En fait, la démarche gouvernementale, soutenue par la partie la plus libérale de la Droite, n'est qu'un cadeau de plus à la grande distribution, et risque bien d'avoir des conséquences néfastes pour le petit commerce, déjà fort mal en point dans les centres-villes, comme le rappelle avec raison le maire de Paris, Madame Anne Hidalgo qui défend son « dimanche parisien » contre l'avis des grands magasins, souvent mondialisés et si peu sociaux, en définitive (cela n'a pas toujours été le cas, pourtant) : « Même si des évolutions sont toujours possibles, je ne veux pas abîmer un modèle dans lequel le petit commerce a pu non seulement se sauver mais innover et être performant.

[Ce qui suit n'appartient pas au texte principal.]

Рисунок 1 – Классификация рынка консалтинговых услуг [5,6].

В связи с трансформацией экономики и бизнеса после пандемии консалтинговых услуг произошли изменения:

C'est un modèle économique et culturel très attractif qui a disparu partout ailleurs dans le monde anglo-saxon. La généralisation du travail du dimanche, c'est la mort du petit commerce de centre-ville. » C'est ce que l'on a pu observer au Danemark, en à peine deux ans, comme le rappelle un article récent de La Croix. Ne pas tenir compte des exemples passés (et présents) me semble la marque d'une idéologie plus que du réalisme économique ! En soulignant, une fois de plus, que l'Allemagne, pourtant principale locomotive de l'économie en Union européenne, n'autorise pas, elle, l'ouverture des magasins le dimanche et ne semble pas plus mal s'en porter !

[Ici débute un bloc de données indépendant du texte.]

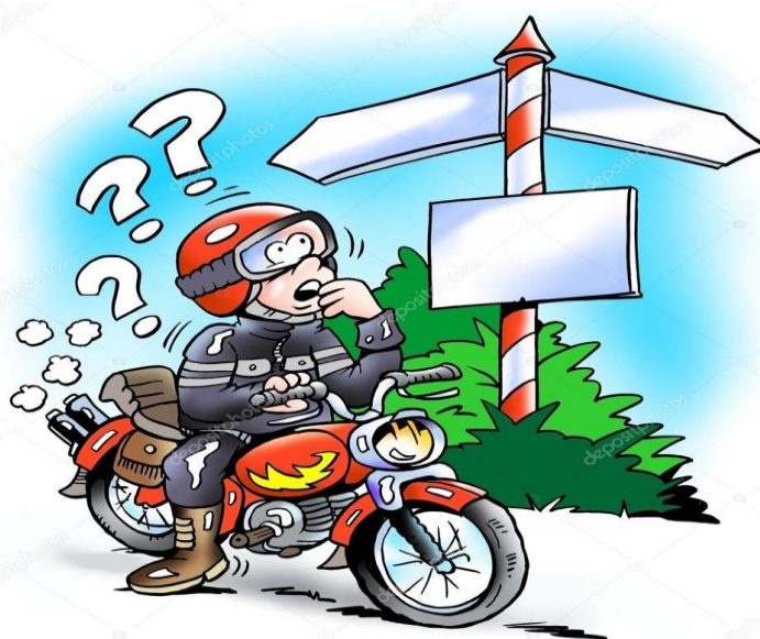
(附件三：第一堂課的課堂成果)

Dans ce débat sans fin qui nous est imposé par un gouvernement toujours plus libéral à défaut d'être efficace, et qui se terminera sans doute par quelques concessions minimes aux « frondeurs » (eux aussi hostiles à la généralisation du travail du dimanche, mais pas prêts à risquer une dissolution parlementaire...) en attendant le prochain assaut de M. Macron ou d'un de ses clones « contre les conservatismes et les corporatismes » (sic!), c'est Bruno Frappat qui trouve les mots les plus justes contre cette libéralisation si peu sociale, dans un superbe article publié dans La Croix samedi 6 décembre : « Le dimanche est en passe de devenir le jour des seigneurs du grand commerce. Ce sont eux qui réclament le plus ouvertement ce qu'ils appellent « l'ouverture des magasins ». Ce sont eux qui en tireraient le plus grand profit. Qui essaient de persuader les Français qu'il est nécessaire de faire ses courses ce jour-là. Quand une réforme s'esquisse, il faut toujours observer qui la réclame avec le plus d'insistance. C'est un critère comme un autre pour juger de la validité d'un projet collectif. En l'occurrence, on ne sache pas qu'il se soit levé, dans le peuple, un vaste mouvement d'opinion en faveur de l'ouverture des magasins le dimanche. Pas de manifs, pas de cortèges encolérés. Non, simplement des lobbys qui travaillent au corps les « décideurs » en leur faisant miroiter les avantages d'un bouleversement réjouissant pour les tiroirs-caisses. Et dont l'incessante propagande finit par persuader des consommateurs qu'il n'y a pas mieux que le dimanche pour dépenser ses sous.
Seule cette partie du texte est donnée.